# Task requirements:
Every record must be given again word for word; no picture belongs in the copy.

━━━ Supplied data ━━━

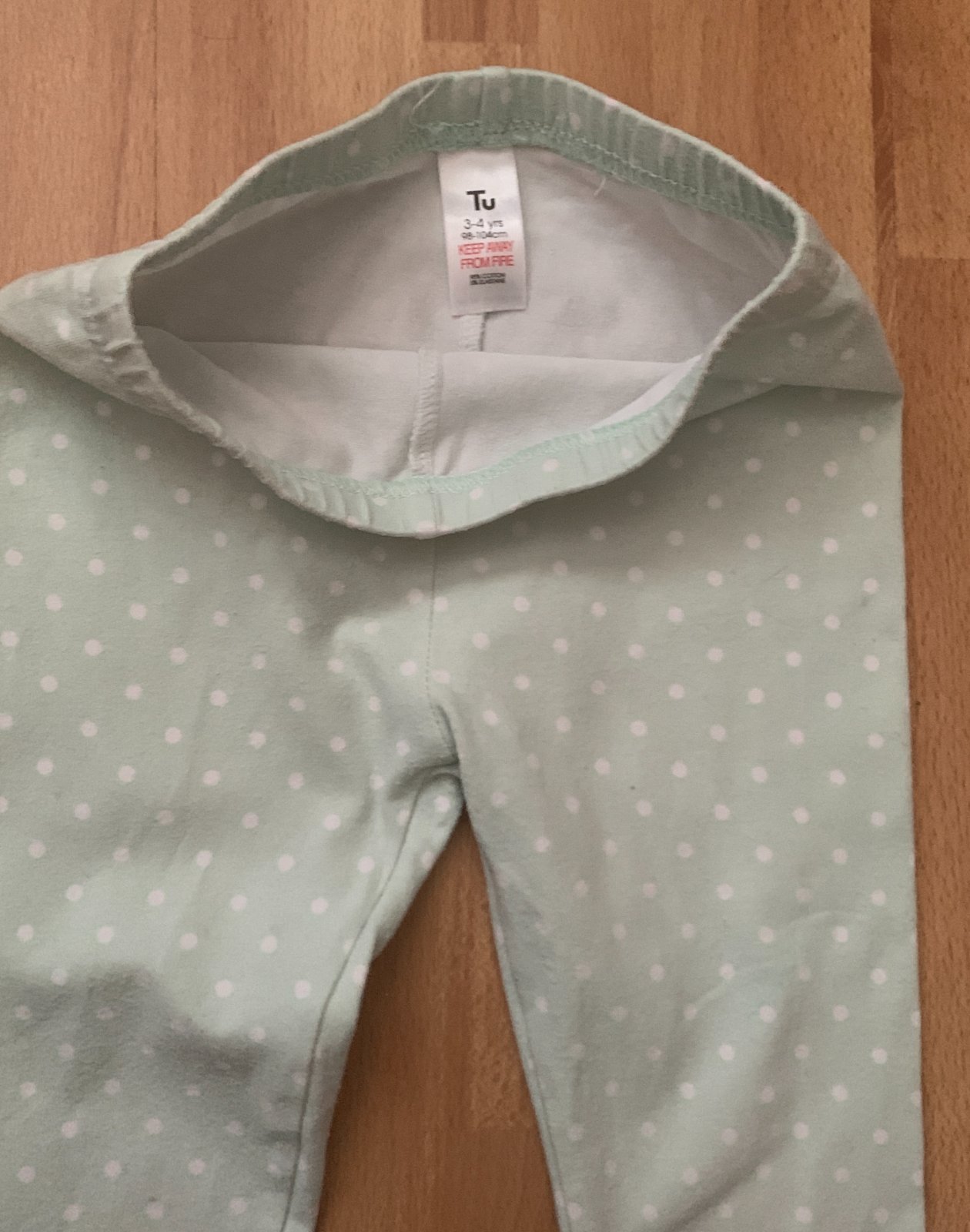 TU Svetlozelené legíny s bielymi bodkami
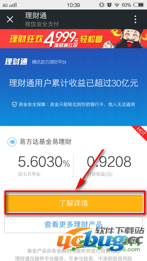 五、进入理财通界面后,选择了解详情
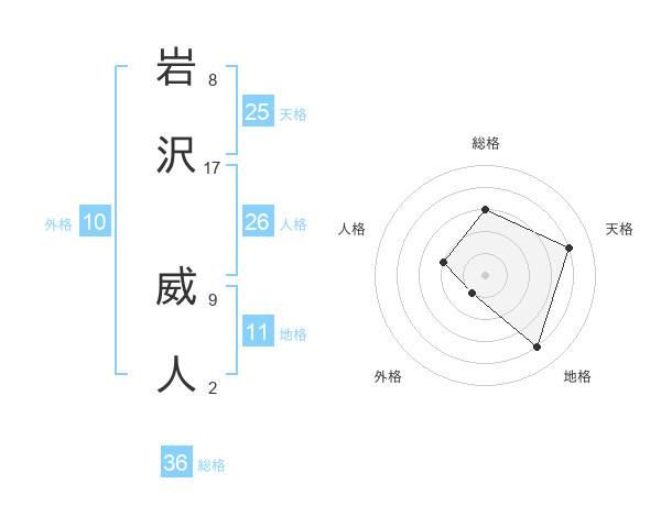 岩沢 威人さんの天格は25画の4点!
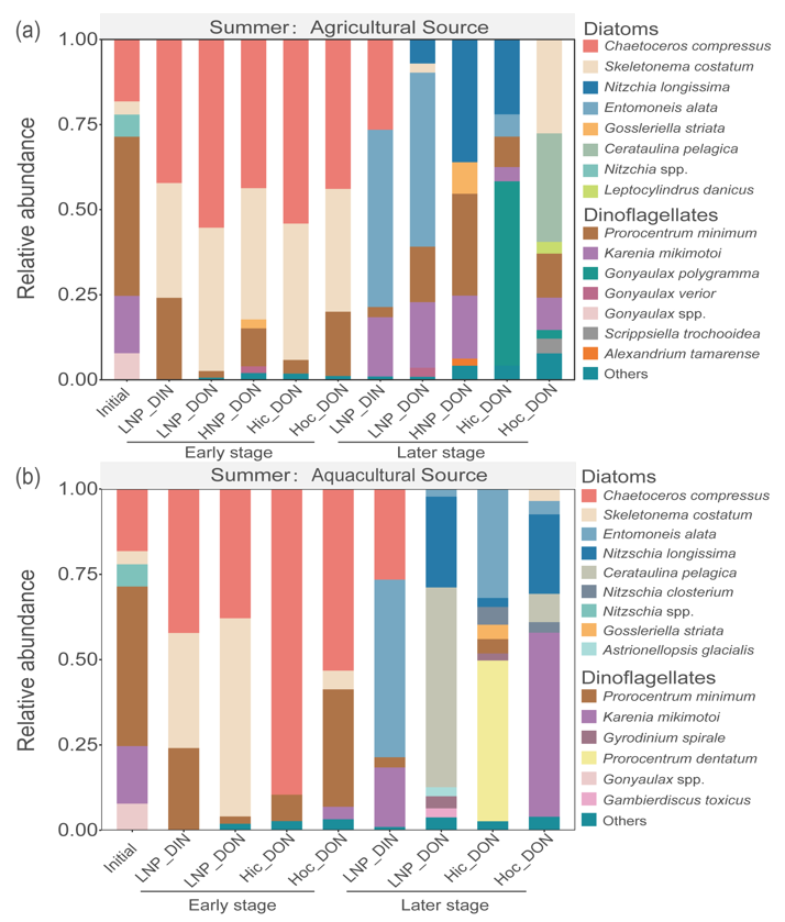 图2:渤海夏季现场培养实验中不同氮加富下浮游植物群落结构的变化(a:农业源,b:水产养殖源)。
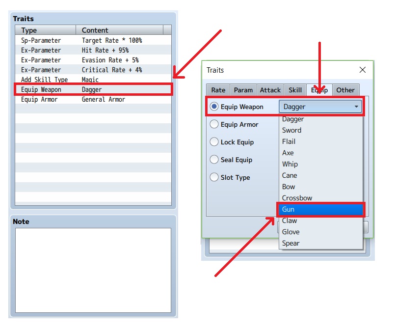 10. Jika kita geser ke sebelah kanan, kita akan mendapatkan menu “Traits”. Disini kita bisa mengatur apa-apa saja yang dimiliki class kita. Mulai dari hitrate, Evasionrate, apa yang dapat digunakan, dll. Kita akan melakukan sedikit perubahan saja disini. Ubah bagian “equip weapon” dari “dagger” menjadi “Gun” dengan cara double klik lalu ubah ke Gun. Kamu bisa tambahkan sendiri apapun yang kamu inginkan jika mau.
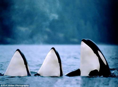 據(jù)英國(guó)《每日郵報(bào)》報(bào)道,攝影師奧爾夫-希克近日在加拿大溫哥華附近海域拍下了三頭野生殺人鯨(學(xué)名為虎鯨)在水中群舞的照片。
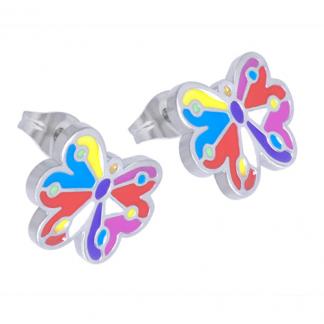 STAINLESS STEEL PIERED EARRING IN BUTTERFLY SHAPE
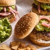 Step 4: Remove from the heat and serve on hamburger buns topped with a handful of shredded pepper jack and a hearty dollop of guacamole.
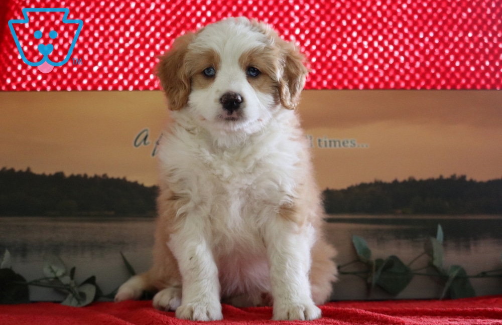 Peach is a charming Mini Bernedoodle with a heart as big as her fluffy paws. Friendly and outgoing, she absolutely loves being around people—especially kids! She is vet checked, vaccinated, wormed, plus the breeder provides a 1 year genetic health guarantee. Her momma is a Mini Bernedoodle (Rosie – 28lbs.) & daddy is a Mini Bernedoodle (Checkers – 38lbs.). Peach is always eager to make new friends and share her joyful energy with everyone she meets.
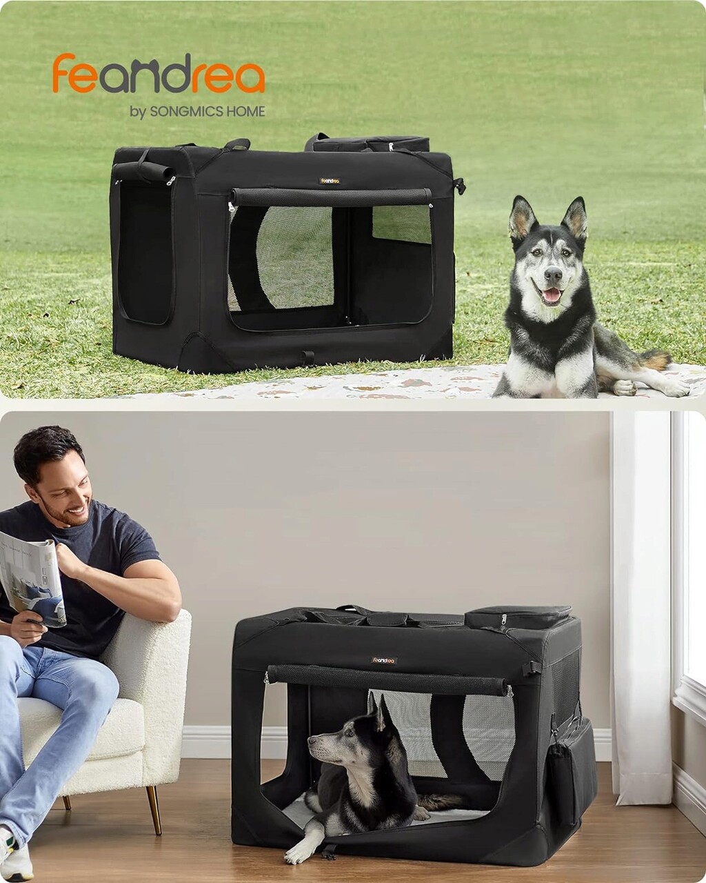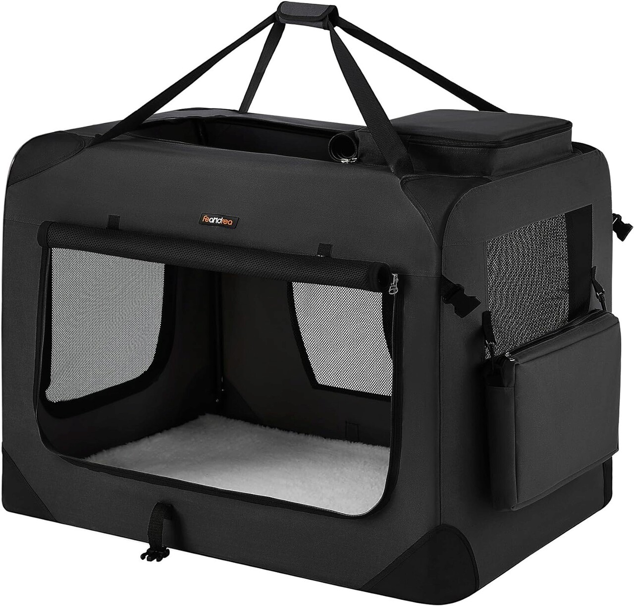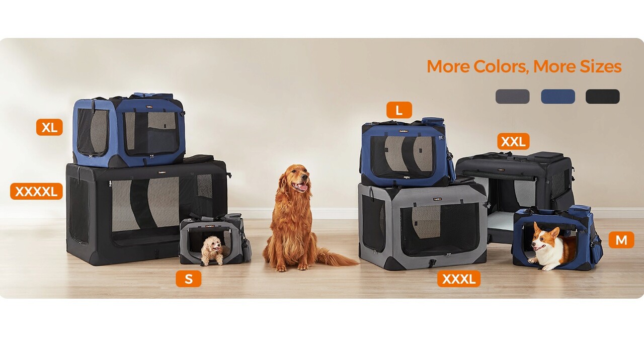 Geanta de transport pentru animale de companie XXL, Feandrea, max 32 kg, 91x63x63 cm, tesatura Oxford/otel, negru
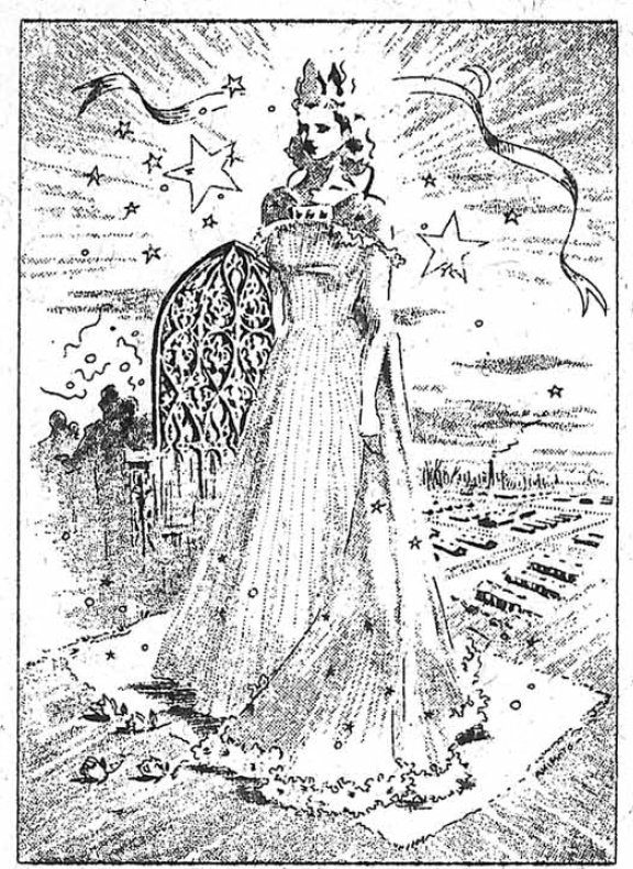 Page 1: Miss Shigeko Nakano chosen center queen; voting; winners of raffle drawings; queen contest committees; sports.
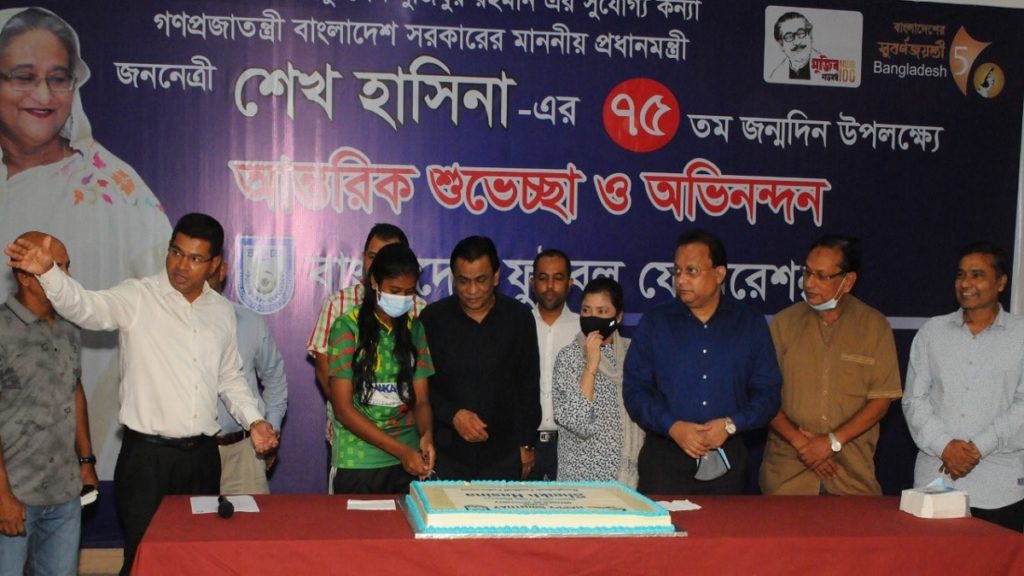 প্রধানমন্ত্রী শেখ হাসিনার ৭৫তম জন্মদিন উপলক্ষ্যে কেক কেটেছেন বাংলাদেশ ফুটবল ফেডারেশনের সভাপতি কাজী সালাহউদ্দিন। বাফুফে ভবনে জাতীয় নারী দলের ফুটবলারদের উপস্থিতিতে কেট কাটেন তিনি। এছাড়াও দেশের বিভিন্ন ক্রীড়াঙ্গনে পালিত হয়েছে প্রধানমন্ত্রীর জন্মদিন।

━━━

# Solution below:
 TU Svetlozelené legíny s bielymi bodkami
 五、进入理财通界面后,选择了解详情
 岩沢 威人さんの天格は25画の4点!
 图2:渤海夏季现场培养实验中不同氮加富下浮游植物群落结构的变化(a:农业源,b:水产养殖源)。
 10. Jika kita geser ke sebelah kanan, kita akan mendapatkan menu “Traits”. Disini kita bisa mengatur apa-apa saja yang dimiliki class kita. Mulai dari hitrate, Evasionrate, apa yang dapat digunakan, dll. Kita akan melakukan sedikit perubahan saja disini. Ubah bagian “equip weapon” dari “dagger” menjadi “Gun” dengan cara double klik lalu ubah ke Gun. Kamu bisa tambahkan sendiri apapun yang kamu inginkan jika mau.
 據(jù)英國(guó)《每日郵報(bào)》報(bào)道,攝影師奧爾夫-希克近日在加拿大溫哥華附近海域拍下了三頭野生殺人鯨(學(xué)名為虎鯨)在水中群舞的照片。
 STAINLESS STEEL PIERED EARRING IN BUTTERFLY SHAPE
 Step 4: Remove from the heat and serve on hamburger buns topped with a handful of shredded pepper jack and a hearty dollop of guacamole.
 Peach is a charming Mini Bernedoodle with a heart as big as her fluffy paws. Friendly and outgoing, she absolutely loves being around people—especially kids! She is vet checked, vaccinated, wormed, plus the breeder provides a 1 year genetic health guarantee. Her momma is a Mini Bernedoodle (Rosie – 28lbs.) & daddy is a Mini Bernedoodle (Checkers – 38lbs.). Peach is always eager to make new friends and share her joyful energy with everyone she meets.
 Geanta de transport pentru animale de companie XXL, Feandrea, max 32 kg, 91x63x63 cm, tesatura Oxford/otel, negru
 Page 1: Miss Shigeko Nakano chosen center queen; voting; winners of raffle drawings; queen contest committees; sports.
 প্রধানমন্ত্রী শেখ হাসিনার ৭৫তম জন্মদিন উপলক্ষ্যে কেক কেটেছেন বাংলাদেশ ফুটবল ফেডারেশনের সভাপতি কাজী সালাহউদ্দিন। বাফুফে ভবনে জাতীয় নারী দলের ফুটবলারদের উপস্থিতিতে কেট কাটেন তিনি। এছাড়াও দেশের বিভিন্ন ক্রীড়াঙ্গনে পালিত হয়েছে প্রধানমন্ত্রীর জন্মদিন।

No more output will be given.